Thank you, Mr. Cooper.

Mr. Barrett, go ahead, please.

12:05 p.m.

Conservative

Michael Barrett Conservative Leeds—Grenville—Thousand Islands—Rideau Lakes, ON

Your reporting notes that Brookfield maintained over $3 billion in politically sensitive investments connected to China and its state-linked real estate and energy companies. Can you explain how Prime Minister Carney's role in Brookfield ties to the regime in China?

October 27th, 2025 / 12:05 p.m.

Journalist, The Bureau, As an Individual

Samuel Cooper

Sure. I'll go off the memory of my own reporting.

Thinking of that story, which I wrote in the lead-up to the federal election, I researched Brookfield's investments in China, and on the real estate file I noted that, after 2015, Brookfield had made very substantial China-based real estate investments. Due to my knowledge of Beijing's United Front networks, I noted that one of the key Hong Kong investors who was connected to the projects that Brookfield was investing in was part of the Chinese People's Political Consultative Conference.
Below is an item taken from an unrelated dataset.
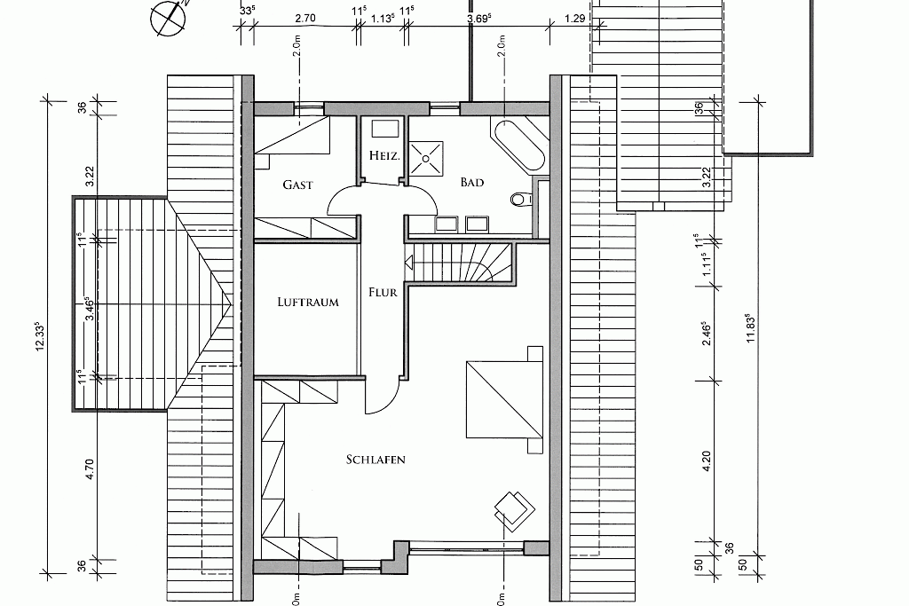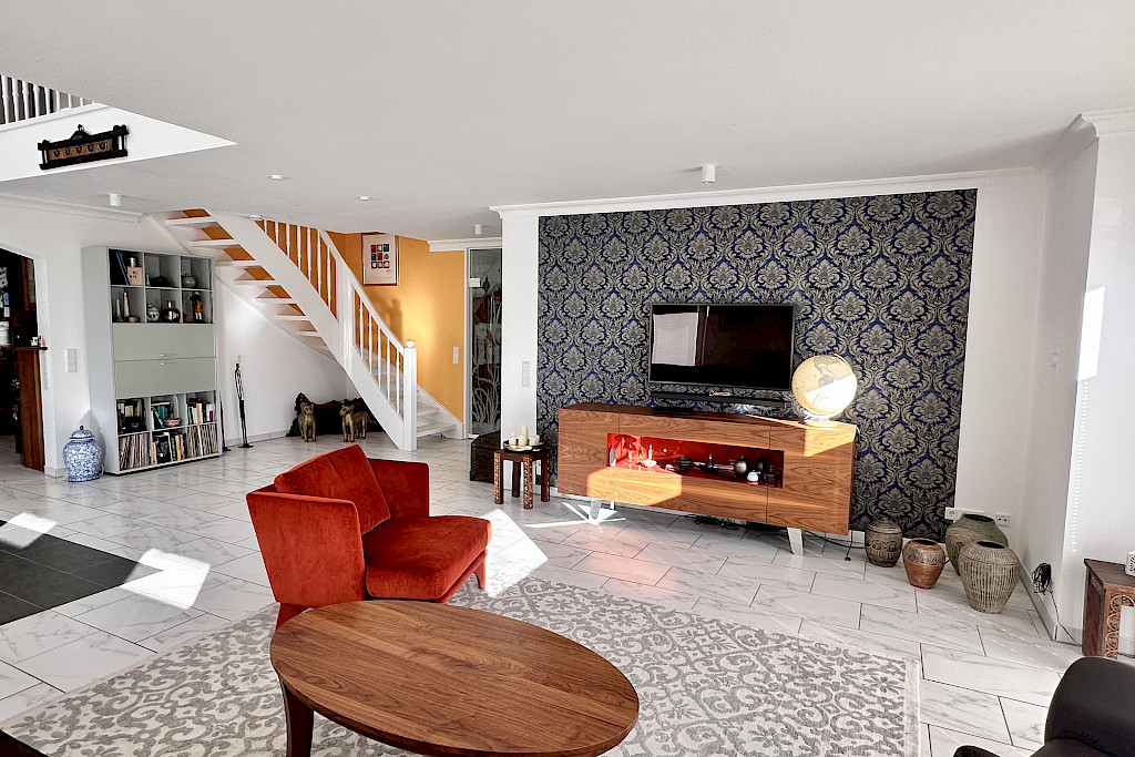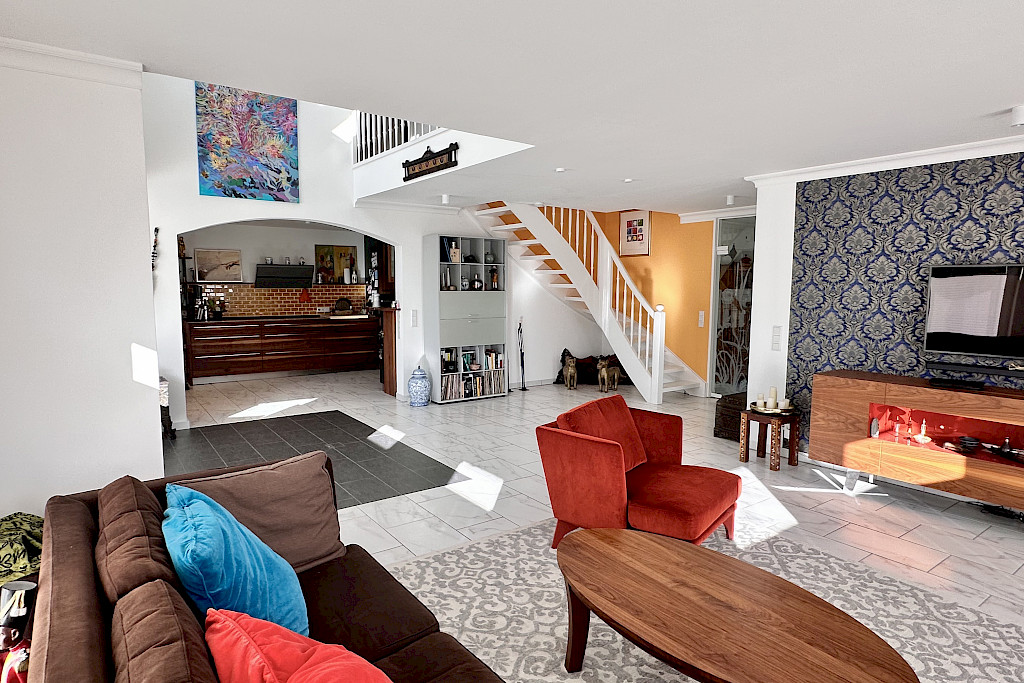 - imposante Deckengestaltung im Wohnbereich mit firsthoch offen gestaltetem Teilbereich zur Galerie/ Flur des Obergeschosses

That was important to me because the Central Intelligence Agency notes that people on that high-level Chinese Communist entity are involved in Beijing's global United Front networks. That's how the Chinese Communist Party brings influential people together.

Therefore, I noted in my reporting that for Brookfield to get access to that same type of investment project on a major real estate deal in China, together with a very elite Hong Kong real estate tycoon.... Certainly, in my learned opinion, it would take a special kind of access to get that kind of deal. Then, tracking forward through when Prime Minister Carney joined Brookfield, in the surrounding years, I noted that the real estate market in China had plummeted. At some point, Brookfield needed to secure a sort of “reinjection” of capital, let's say, and it emerged that the Bank of China—as others have reported—was involved in bridging some capital to reinfuse that deal into China's troubled real estate market.

Stepping back from that, I noted that, with people in Mr. Carney's position in Brookfield and with Mr. Carney also travelling to China to meet with senior Communist Party officials around the time of the Bank of China assisting Brookfield with their real estate investment.... It would certainly, in my mind, raise questions around access and influence.

12:05 p.m.

Conservative

Michael Barrett Conservative Leeds—Grenville—Thousand Islands—Rideau Lakes, ON

Prime Minister Carney was the chair at Brookfield during that time, and then he entered public office. You talked about his ties, his relationships, with the regime in China. Is there any evidence to suggest that those ties have been maintained since he entered elected office?